Der Fußball hatte bei seiner Einführung im Deutschen Kaiserreich einen schweren Stand. Deformierte Körper und die Beförderung von chaotischem Individualverhalten seien die unweigerlichen Folgen dieser "englischen" Sportart. Tatsächlich aber änderte sich nach und nach der Diskurs über den Fußball. Was anfangs als nachteilig für Männlichkeit, militärische Schlagkraft und nationale Festigkeit galt, wurde positiv umgedeutet. Fußball schien nun genau das Verhalten zu befördern und die Fähigkeiten abzurufen, die das Deutsche Kaiserreich von seinen Untertanen erwartete, um im Wettbewerb der Nationen vorne mitzuspielen. Der Historiker Dr. Jörn Eiben zeichnet in seiner nun erschienenen Dissertation nach, warum und unter welchen Umständen sich der Diskurs über Fußball umkehren konnte. Wir haben ihn dazu befragt.

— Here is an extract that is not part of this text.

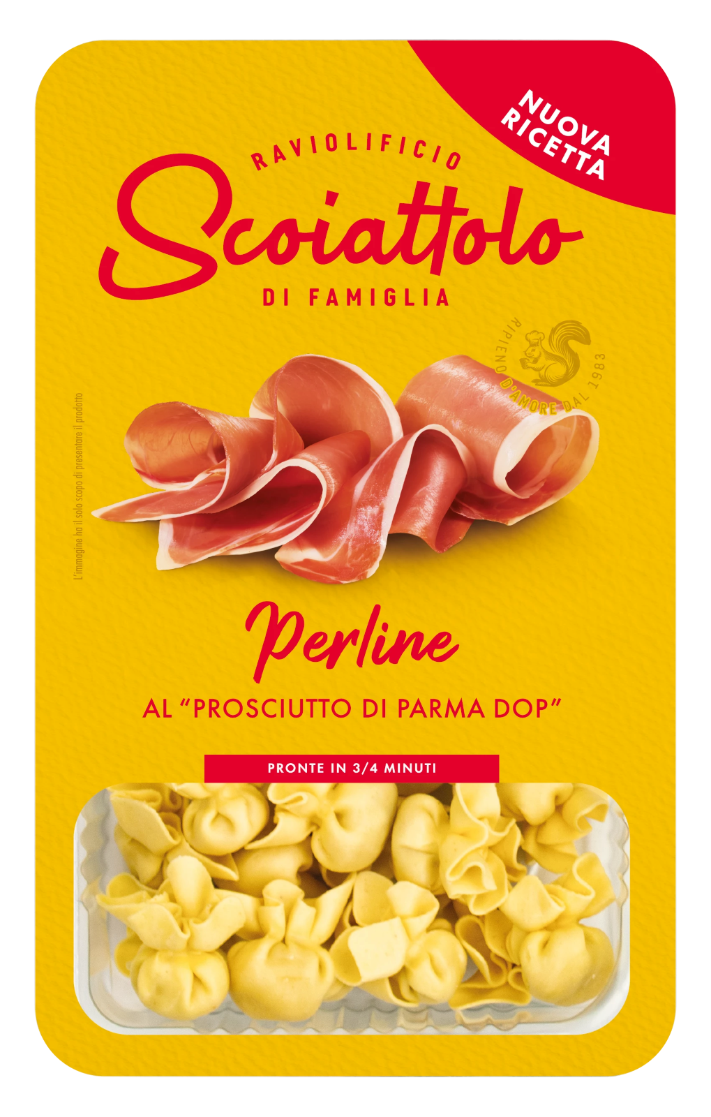 A Scoiattolo Perline al Prosciutto di Parma DOP egy prémium minőségű friss, tojásos tésztából készült töltött tészta, amelyben az olasz gasztronómia egyik legismertebb alapanyaga, a Prosciutto di Parma DOP kap főszerepet. A gondosan válogatott alapanyagoknak köszönhetően a termék ízvilága egyszerre lágy, selymes és enyhén sós, tökéletesen kiegyensúlyozott karakterrel.

"Wie die Gegenwart in den Augen derer war, die über Fußball sprachen"
L.I.S.A.: Herr Dr. Eiben, Sie haben über den Fußball im Kaiserreich promoviert, genauer: über die Art und Weise, wie während des Kaiserreichs über Fußball gesprochen wurde. Was hat Sie angesichts des Themas „Fußball“ dazu veranlasst, weniger eine Sport- als eine Diskursgeschichte zu schreiben?
Dr. Eiben: Es gibt zwei Argumente, die für mein Vorgehen sprechen. Das erste bezieht sich auf den Forschungsstand. Sucht man in den gängigen Datenbanken, so finden sich hunderte von Texten, die sich im engeren oder weiteren Sinne mit dem Fußball und dessen Geschichte(n) beschäftigen. Dehnt man den Phänomenbereich auf den Sport aus oder sucht man nach Texten in anderen Sprachen, so kommen tausende weiterer Titel hinzu. In anderen Worten: Über den Fußball wurde bereits sehr viel geschrieben. Mit Abstrichen gilt dieser Befund auch für den engeren Untersuchungszeitraum, den ich mir gesetzt habe, nämlich das Deutsche Kaiserreich. Bisher hat allerdings noch kaum jemand über den Fußball in einer diskursanalytischen Perspektive nachgedacht – vor allem nicht für das Deutsche Kaiserreich. Neben diesem Punkt, der letztlich nur dann relevant ist, wenn man die Forschungslücke für wichtig hält, spricht aber noch ein zweites Argument für mein Vorgehen. In Anlehnung an ein bekanntes Bonmot Gary Linekers ist Fußball mit Sicherheit sehr viel mehr als nur "ein einfaches Spiel, bei dem 22 Menschen 90 Minuten lang einem Ball nachjagen". Beispielsweise wurde vor einigen Jahren einigermaßen ungelenk über Homosexualität im Fußballsport debattiert. Ein anderes Beispiel ist der chauvinistische Unsinn, der mit einer enervierenden Vorhersagbarkeit anlässlich der Fußball-Weltmeisterschaften der Frauen, über die Unterschiede zwischen männlicher und weiblicher Leistungsfähigkeit verbreitet wird. Das sind nur zwei von zahlreichen Beispielen dafür, dass am Fußball Dinge verhandelt werden, die deutlich über das hinausweisen, was auf dem Spielfeld geschieht.
Insofern konnte ich mir schlichtweg nicht vorstellen, wie ich den Fußball im Kaiserreich anders untersuchen konnte, als in seinen Beziehungen zu den damaligen sozio-kulturellen Bedingungen. Dass ich dieses Unterfangen diskursanalytisch angegangen bin, mag sicherlich an einer persönlichen Präferenz für diese Denkweise liegen. Analytisch hat es jedoch zweifellos den Vorzug, dass die zeitgenössischen Debatten über das Für und Wider des Fußballs sowohl hinsichtlich ihrer spezifischen Effekte als auch hinsichtlich ihrer Beziehungen zu bestimmten Wissensordnungen untersucht werden konnten. Es war also nicht primär mein Anspruch herauszufinden wie der Fußball war, sondern wie die Gegenwart in den Augen derer war, die über den Fußball sprachen.